Inserted: 12 jan 2021
Last Updated: 1 apr 2021
In this thesis we discuss variational problems concerning Willmore-type energies of curves and surfaces. By Willmore-type energy of an immersed manifold we mean a functional depending on the volume (length or area) of the manifold and on some $L^p$-norm of the mean curvature of the manifold. The functionals we consider are the $p$-elastic energy of an immersed curve, defined as the sum of length and $L^p$-norm of the curvature vector, and the Willmore energy of an immersed surface, which is the $L^2$-norm of the mean curvature of the surface. We shall consider problems of a variational nature both in the smooth setting of manifolds and in the context of geometric measure theoretic objects. The necessary definitions and preliminaries are collected and discussed in Chapter 1. We then address the following problems.
• In Chapter 2 we consider a gradient flow of the $p$-elastic energy of immersed curves into complete Riemannian manifolds. We investigate the smooth convergence of the flow to critical points of the functional, proving that suitable hypotheses on the sub-convergence of the flow imply the existence of the full limit of the evolving solution.

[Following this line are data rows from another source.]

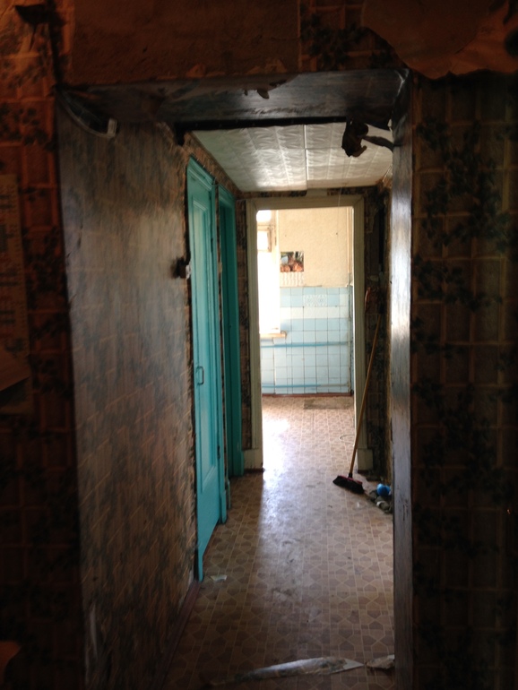 Фото до ремонта (купили квартиру в таком ужасном состоянии). После проема, там где потолок белый- это антресоли, сейчас они снесены, то есть потолок там намного выше.
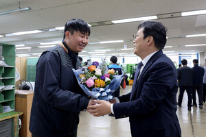 韩国邮政业务本部长走访春川邮局 表彰阻止电诈损失扩大的员工
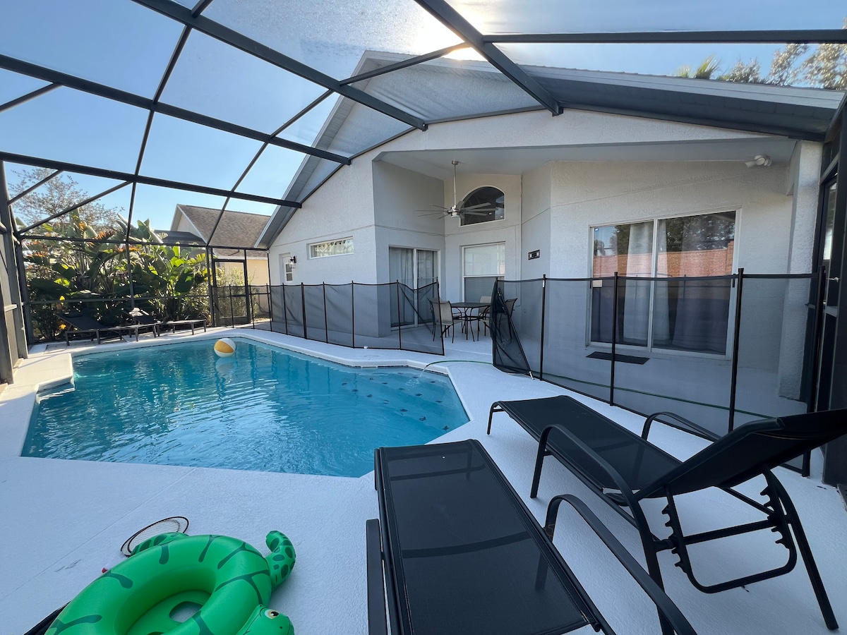 Sit back and relax in this stylish home with all the amenities you need for a fun family getaway. This home has a spacious layout with 3 bedrooms and 2 baths. We have thought of everything so you don't have to-toiletries,washer/dryer, and wifi. Enjoy your morning coffee in the screened in pool area with a beautiful sunrise and lake view or sip a glass of wine while floating in the pool. Just minutes to Theme Parks and major highways, this is the dream home you have been waiting for!
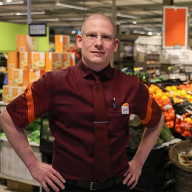 "Zwei Filialen zu leiten erfüllt mich täglich, jeder Tag ist anders und ich habe Spaß an meiner Arbeit", Michaël Oberson, Geschäftsführer der Migros in Boudry und Colombier.
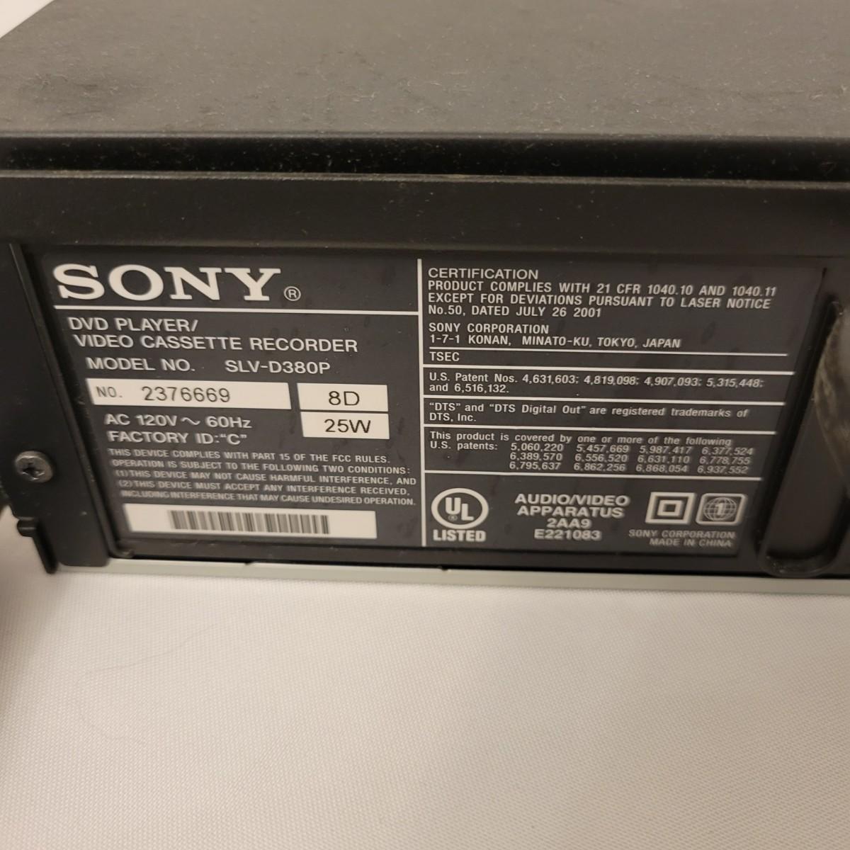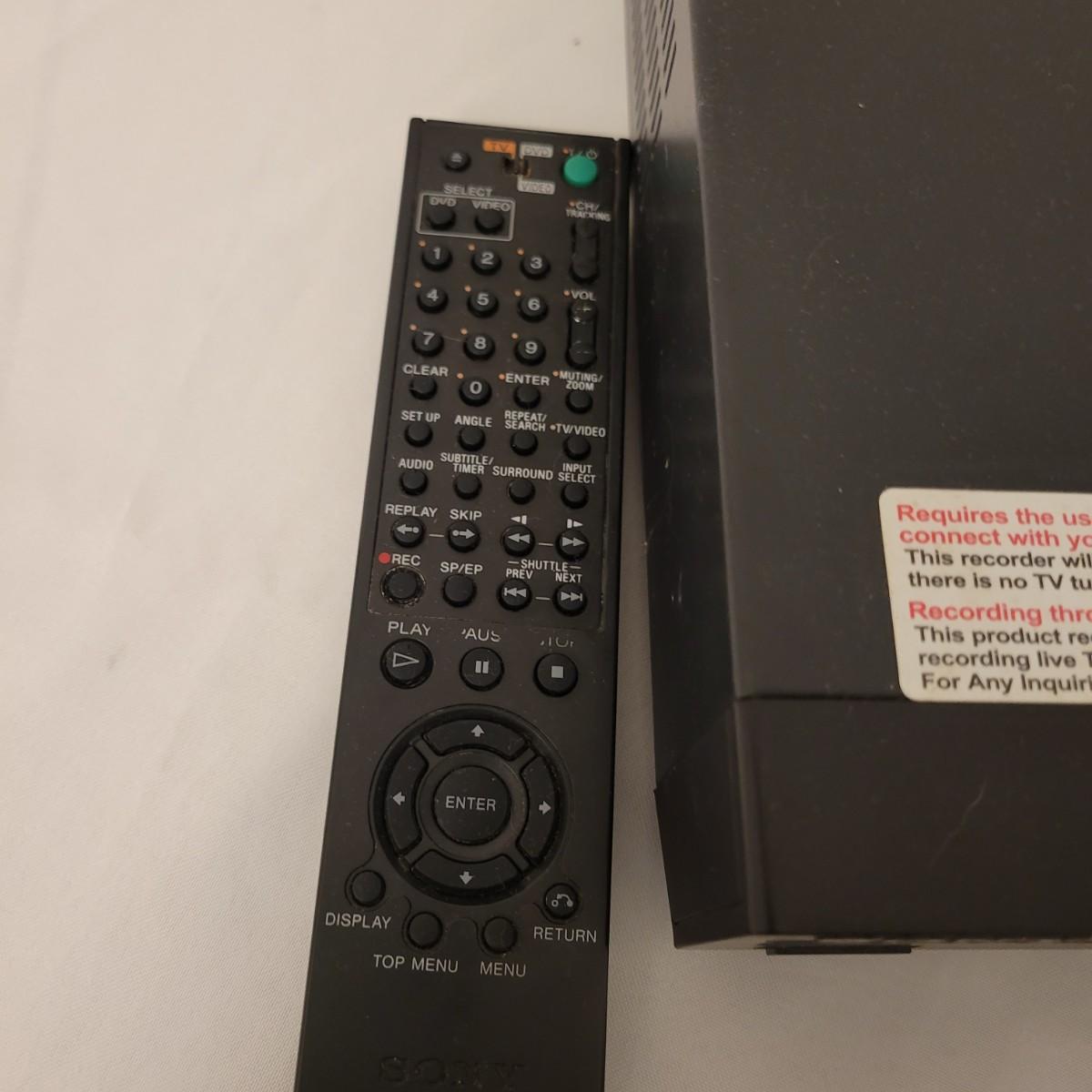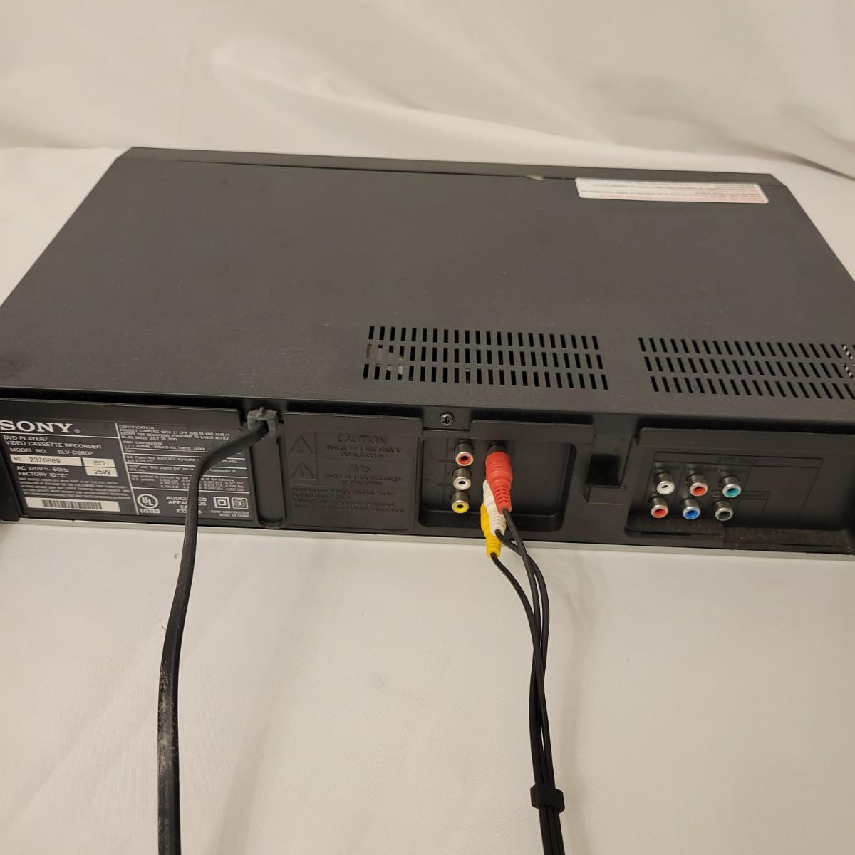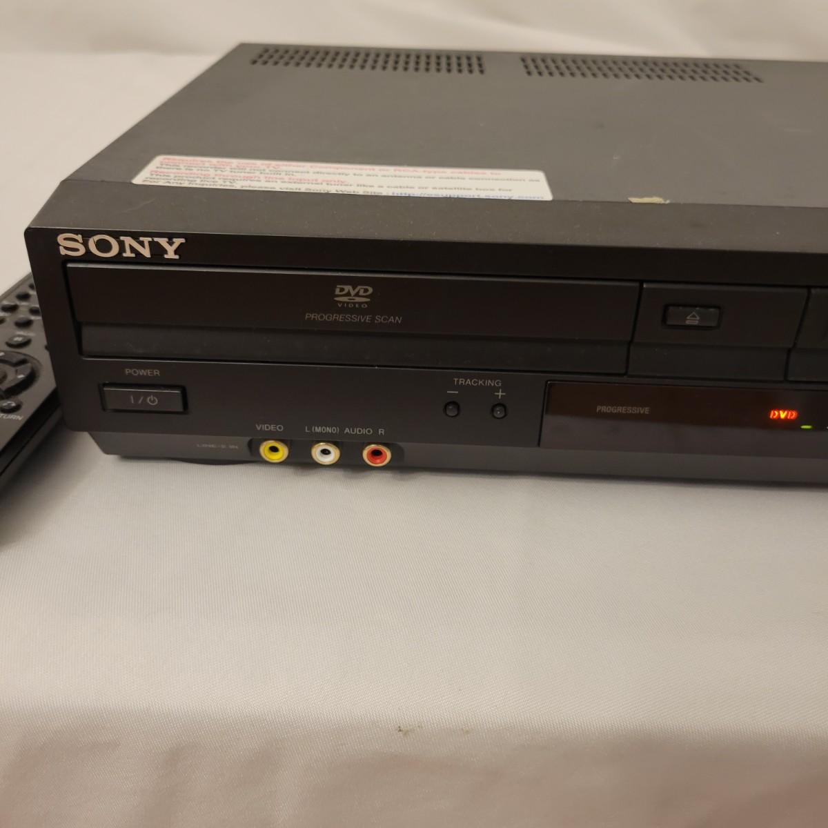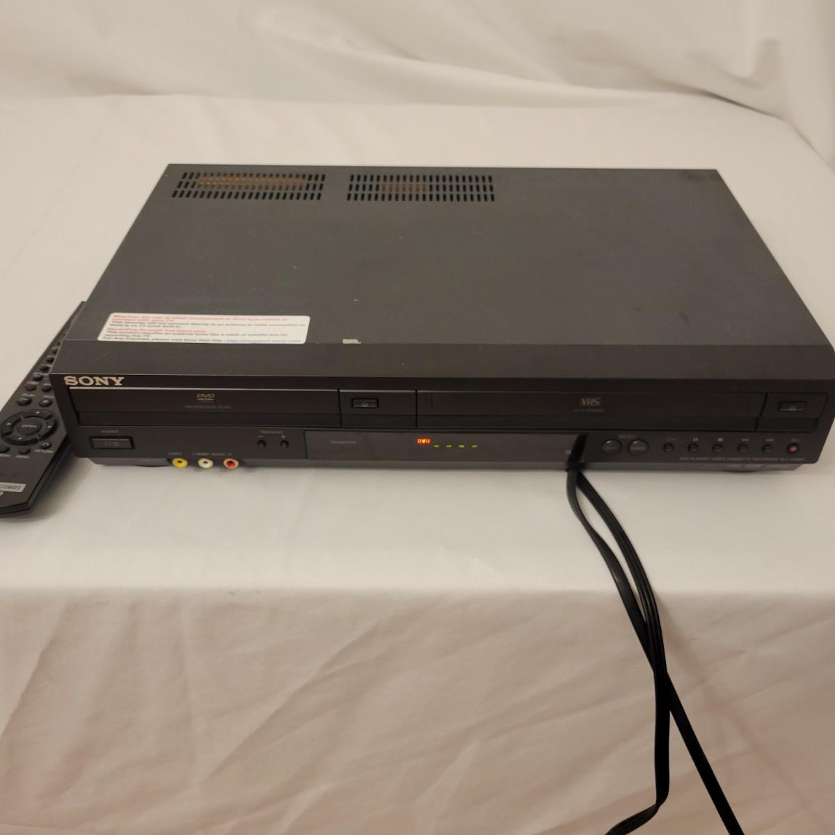 Sony DVD/Video player with audio and video cables, and extra cables. Turns on when plugged in, DVD tray opens fine. Comes with a variety of remote controls, unable to test them. Measures approximately 17"L x11"D x3.5"H. Shipping available.
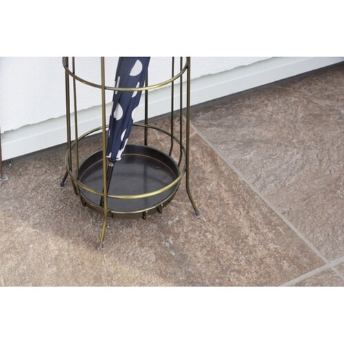 傘立て 屋内 円柱 スチール 脚付き アンティークゴールド
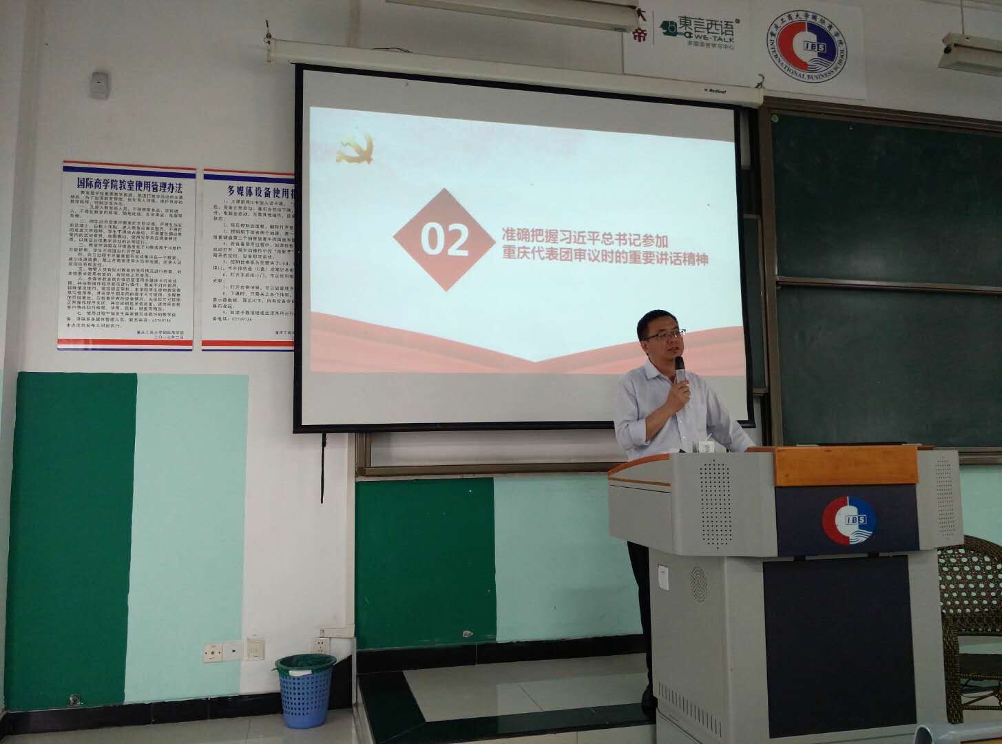 学习活动中,赵驹同志以“习近平总书记全国两会期间系列重要讲话精神”为主线,从2018年全国两会的主要成果、习近平总书记参加重庆代表团审议时的重要讲话精神、习近平总书记在十三届全国人大一次会议闭幕式上的重要讲话精神等三个方面为学院教职工进行了宣讲。
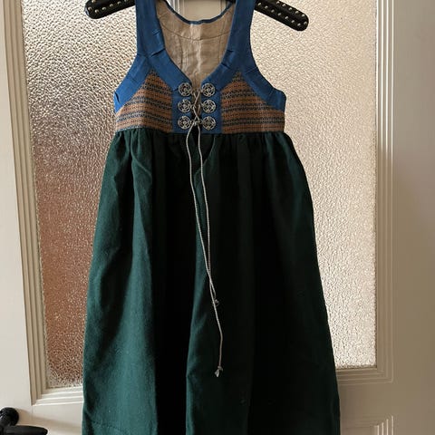 Fin Dirndl-klänning i barnstorlek, ca 4-7 år, längd från axeln 75 cm, runt midjan ca 62 cm
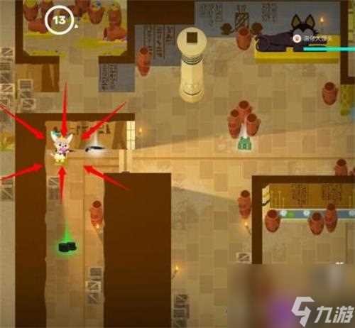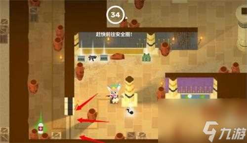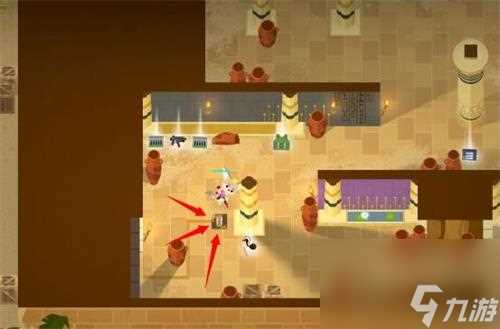 我们进入密室通道沿着去寻找下一个开关,第二个开关就在密室的尽头,我站立的位置从上面走也可以不过比较远
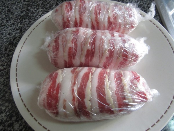 1- Hacer como un bolsillito en cada pechuga e introducir una cuña de queso. Salpimentar y envolver en la panceta y después hacer dos rollos con film, girando los extremos sobre la meseta. Reservar.
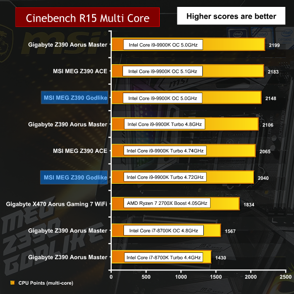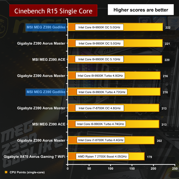 You will get slightly higher performance from the MSI MEG Z390 ACE and Gigabyte Z390 Aorus Master boards on Auto settings however no-one in their right mind would send this sort of money and then run their CPU at stock clock speeds.

• In Chapter 3 we address the problem of finding a generalized weak definition of $p$-elastic energy of subsets of the plane satisfying some meaningful variational requirement. We find such a definition by characterizing a suitable relaxed functional, of which we then discuss qualitative properties and applications.
• In Chapter 4 we study the minimization of the Willmore energy of surfaces with boundary under different boundary conditions and constraints. We focus on the existence theory for such minimization problems, proving both existence and non-existence theorems, and some functional inequalities.